L’homme qui a ri à mort à l’intérieur : pourquoi Alexeï Navalny a choisi de retourner en Russie

L’homme qui a ri à mort à l’intérieur : pourquoi Alexeï Navalny a choisi de retourner en Russie

La question la plus importante – et certainement la plus intéressante – posée à propos d’Alexeï Navalny au cours des trois dernières années est peut-être de savoir pourquoi il est retourné en Russie, après avoir survécu à une tentative d’empoisonnement par arme biologique et suivi une longue rééducation en Allemagne.

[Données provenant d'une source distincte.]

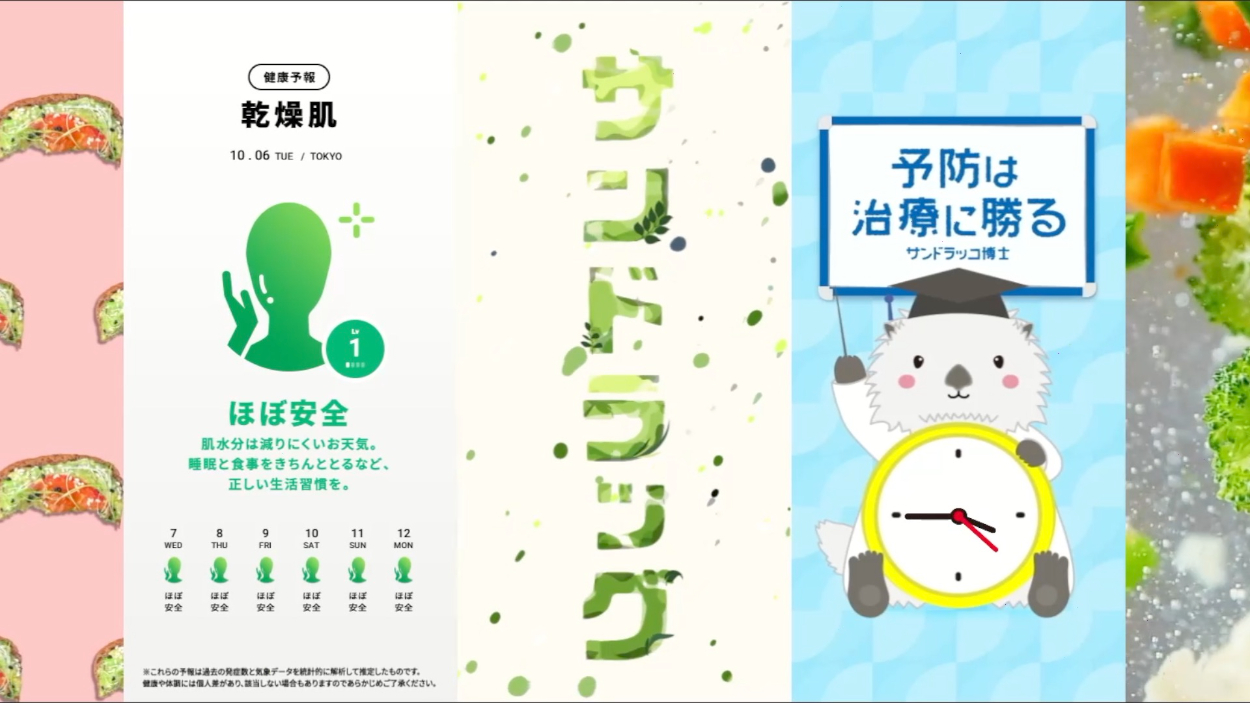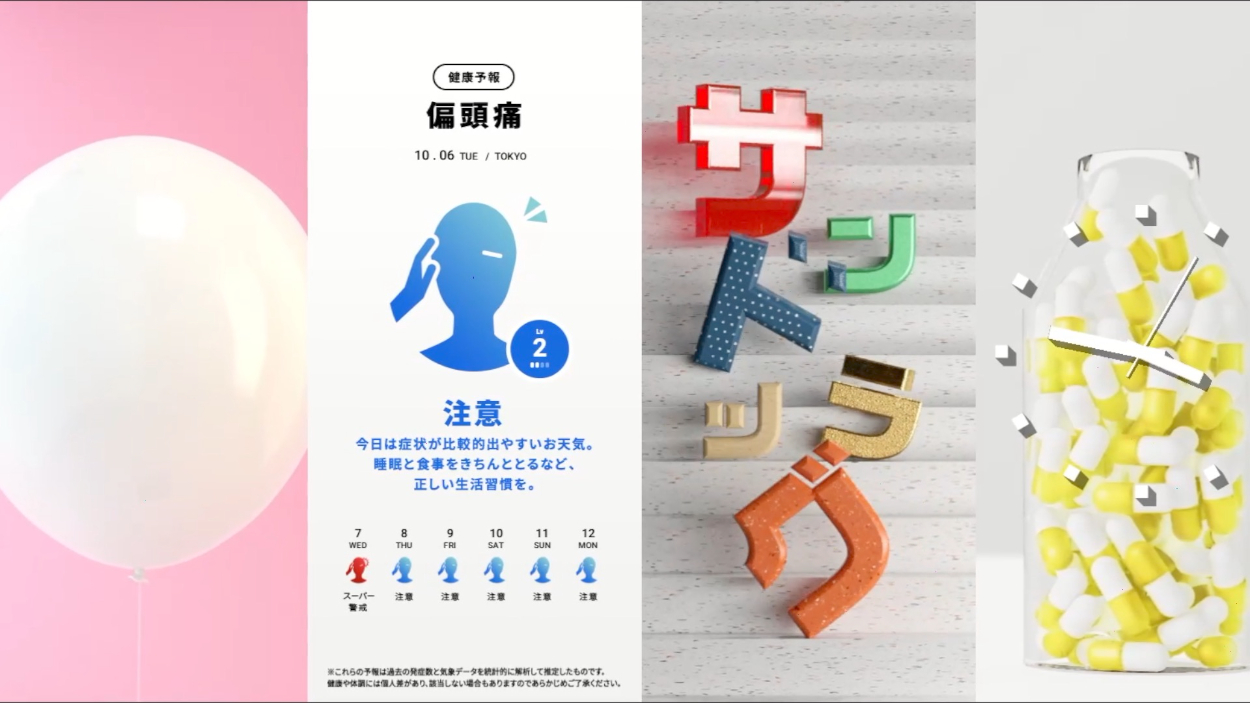 For the content to be shown, we focused on "clocks" that are commonplace in the bustle of the city. The impressive visuals are a combination of various "artworks" on the theme of "health and beauty" provided by SUNDRUG CARER and "health forecasts" that present the effects of weather and environmental changes on beauty and health based on academic evidence (biometeorology) as a means of providing counseling and information. The time keeps ticking in stores.

Août 2020 : Navalny est mis dans une ambulance après l’empoisonnement, Photo : Reuters

En effet, dès qu’il a repris connaissance à l’hôpital Charita de Berlin, l’opposant a déclaré ses intentions. Après avoir acheté le billet d’avion, il a expliqué : “La question ‘revenir ou pas’ ne s’est jamais posée à moi – tout simplement parce que je n’en suis jamais parti. Je me suis retrouvé en Allemagne, car j’y ai été transféré dans une salle de réanimation après qu’ils aient tenté d’éliminer moi… La Russie est mon pays, Moscou est ma ville, ils me manquent.” Ses associés ont tenté de le dissuader de cette décision, mais en vain.

Navalny réapprend à marcher après un empoisonnement, septembre 2020, Photo : AFP

Les commentateurs russes ont fourni différentes explications en 2021. L’une des estimations était qu’il souhaitait rester pertinent en tant que leader de l’opposition, au lieu de devenir un autre opposant en exil comme Kasparov et Khodorkovsky, qui à l’époque étaient pour la plupart des interviewés recherchés, mais avec une influence pratique limitée. Dmitri Gudkov, également opposant en exil, a estimé que l’emprisonnement pourrait améliorer le statut de Navalny. “Nelson Mandela est arrivé au pouvoir malgré son emprisonnement, et c’est ce qui va arriver à Navelani”, avait-il déclaré à l’époque.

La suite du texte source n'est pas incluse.